Motivation: It has been shown that for $X = \left(X_1, X_2, X_3\right)$, where $X$ is distributed uniformly over the surface of a sphere, we have marginally $X_i \sim U[-1, 1]$ and $X_1^2 + X_2^2 + X_3^2 = 1$.
Furthermore, taking $X_1$ and $X_2$ from above, if we let $Y_1 = \frac{X_1 + 1}{3}$, $Y_2 = \frac{2 - X_1 - X_2\sqrt{3}}{6}$, and $Y_3 = \frac{2 - X_1 - X_2\sqrt{3}}{6}$ it can be shown that $Y_i \sim U[0, \frac{2}{3}]$ and $Y_1 + Y_2 + Y_3 = 1$. This is done by projecting $X$ onto the $X_1, X_2$-plane and circumscribing the unit circle with an equilateral triangle.

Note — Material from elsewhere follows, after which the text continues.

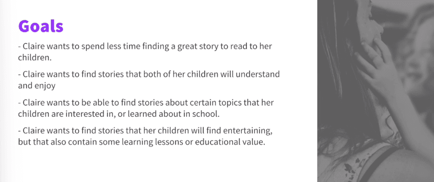 The goal is to help Tiny Tales enhance the experience for parents by quickly identifying books parents want to read to their children.
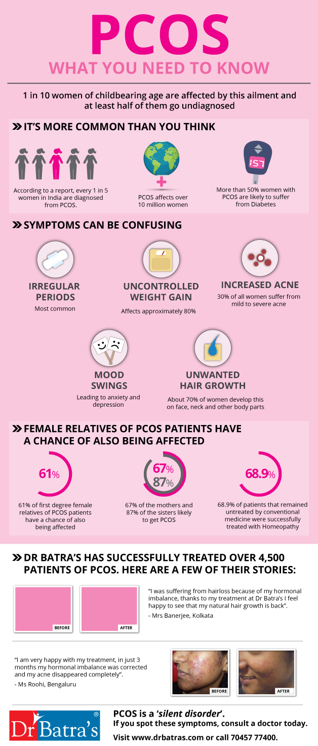 Women with PCOS produce a larger amount of male hormones and not enough female hormones, which effects ovulation. In patients of PCOS, the ovaries are typically enlarged and may even contain multiple small cysts. Women know their bodies best and they need to gauge whether their mood swings, uncontrolled weight gain, increased acne, irregular periods and unwanted facial hair growth are the result of an underlying issue i.e PCOS.

Then, letting the point $(X_1, X_2)$ divide the equilateral triangle into three smaller triangles, $Y_1$, $Y_2$, and $Y_3$ are the ratios of areas of those three triangles. This can be done with any normal $d$-gon to generate $Y_i \sim U[0, \frac{2}{d}]$ with $\sum_{i=1}^d Y_i = 1$.
Problem: Given $d$ and $n$, is there a general method to generate a distribution of $X = \left(X_1, \dots, X_d\right)$ such that $\sum_{i=1}^d X_i^n = 1$ and $X_i \sim U[a, b]$ for some $a, b$? For what values of $n$ and $d$ is this not possible?
Example of not possible: For $n=2$, $X$ will be on the surface of a $d$-sphere. It has been shown that the $X_i$ are uniform only if $d=3$.
Example 2 of not possible: For $d=2$, we must have $X_2 = 1 - X_1^n$. If $X_1$ is uniform, then $X_2$ cannot be uniform for $n \geq 2$.